A large number of opioids and nonopioids have been administered epidurally and intrathecally in the hope of providing segmental analgesia without serious adverse effects. However, neurotoxicity data are generally unavailable for many of these drugs. The present study evaluated the behavioral, motor, electroencephalographic, and histopathologic changes following intrathecal injection of large and small doses of butorphanol, sufentanil, and nalbuphine in sheep.

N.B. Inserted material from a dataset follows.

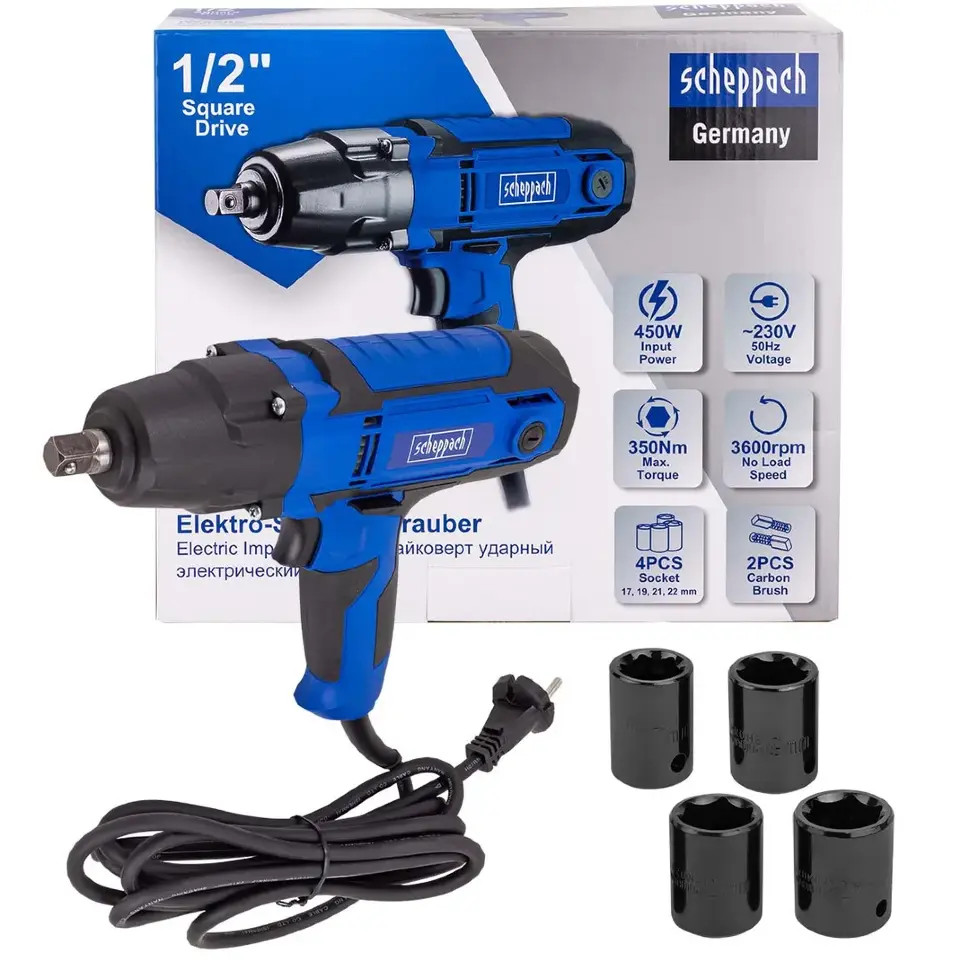 Гайковёрт ударный электрический 1/2", 450 Вт Scheppach SCH‑IW550S — компактный и надёжный сетевой инструмент для быстрого монтажа и демонтажа резьбовых соединений. Подходит для автосервиса, шиномонтажа, сборочных и ремонтных работ.

Thirty-two sheep (20-32 kg) were anesthetized and catheters placed intrathecally after hemilaminectomy. The large doses of butorphanol, sufentanil and nalbuphine were 0.375 mg/kg (4.4-5.2 ml), 7.5 micrograms/kg (3.6-4.8 ml) and 0.75 mg/kg (1.5-2.4 ml), and the small doses were 0.075 mg/kg (0.9-1.1 ml), 1.5 micrograms/kg (0.7-0.9 ml) and 0.15 mg/kg (0.38-0.5 ml), respectively. The opioids were administered intrathecally every 6 h for 3 days and the above-mentioned parameters studied. Five sheep received intrathecal saline (1.1 or 5.2 ml) and served as controls. Histopathologic changes were evaluated by a neuropathologist blinded to the study protocol. Irrespective of dose, intrathecal injection of butorphanol was associated with severe behavioral responses such as agitation, rigidity, vocalization, and restlessness, as well as prolonged or irreversible hindlimb paralysis. Electroencephalography showed increased cortical activity or seizure activity. One sheep died because of severe respiratory depression that did not respond to naloxone. Spinal cord histologic changes consisted of suppurative meningitis and myelitis as well as neuronal changes such as spongiosis and chromatolysis. Large doses of intrathecal sufentanil were associated with similar though somewhat less severe responses. The behavioral and motor changes following the small dose of intrathecal sufentanil were of mild to moderate nature. Following intrathecal nalbuphine, the above-mentioned changes were similar to those seen in control animals. We conclude that butorphanol in doses of 0.075 and 0.375 mg/kg intrathecally and sufentanil 7.5 micrograms/kg intrathecally are neurotoxic in sheep.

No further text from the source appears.